**Exercise brief:**
Output the line that contains "Tento kolimátor patří" together with each line after it, through the final line of the listing below, word for word; omit pictures.

**Information provided:**
---------------
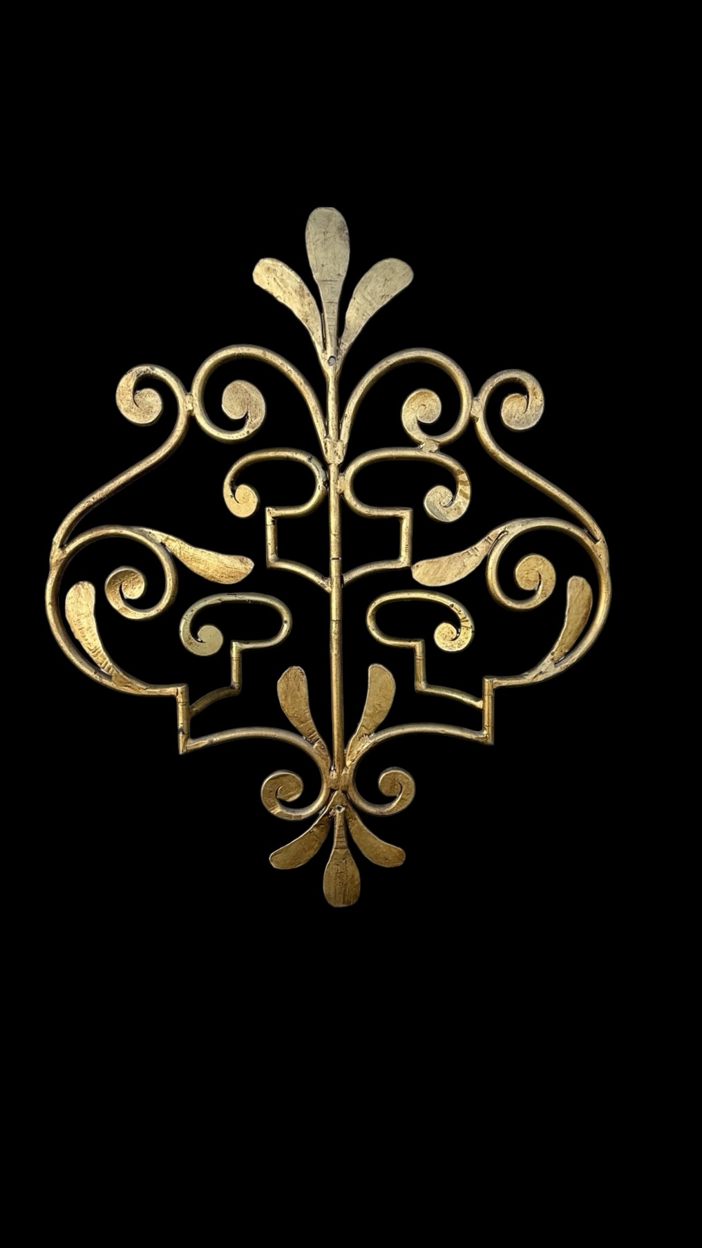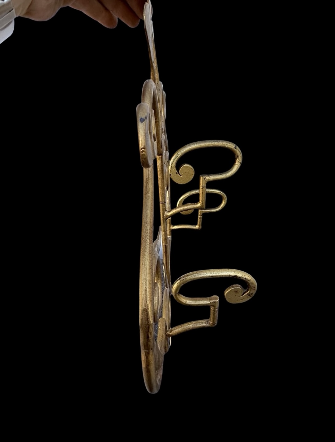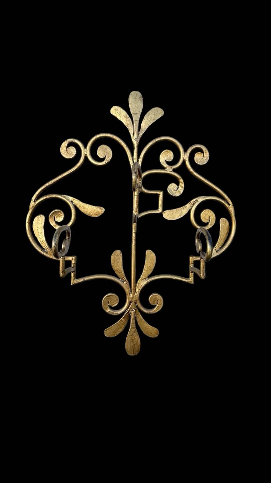 Wrought iron and gilded coat rack wall light with stylized vegetal motifs and three rotating parts. Cm 58x47. Depth of open rotating parts: cm 13.
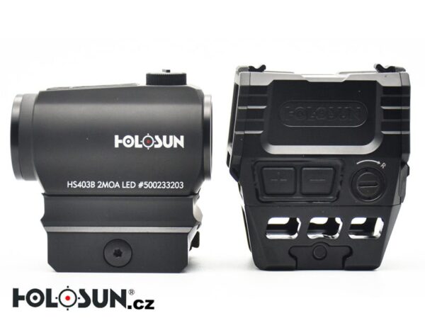 Tento kolimátor patří do nejvyššího segmentu značky HOLOSUN. Nalezneme zde solární panel, automatické vypnutí a probuzení pohybem. Osnovu lze přepínat mezi: tečkou 2 MOA, tečkou + obrazcem 65 MOA nebo lze zvolit pouze obrazec 65 MOA.
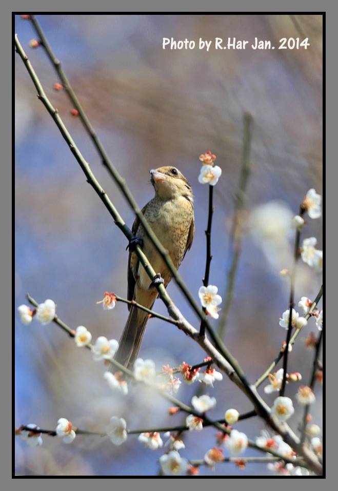 寒梅除吸引我去欣賞, 還有可觀賞其他生態包括: 蜜蜂採花、報喜蝶吸蜜、伯勞留鳥覓食…真的湊熱鬧!
---------------
**Solution to this task:**
 Tento kolimátor patří do nejvyššího segmentu značky HOLOSUN. Nalezneme zde solární panel, automatické vypnutí a probuzení pohybem. Osnovu lze přepínat mezi: tečkou 2 MOA, tečkou + obrazcem 65 MOA nebo lze zvolit pouze obrazec 65 MOA.
 寒梅除吸引我去欣賞, 還有可觀賞其他生態包括: 蜜蜂採花、報喜蝶吸蜜、伯勞留鳥覓食…真的湊熱鬧!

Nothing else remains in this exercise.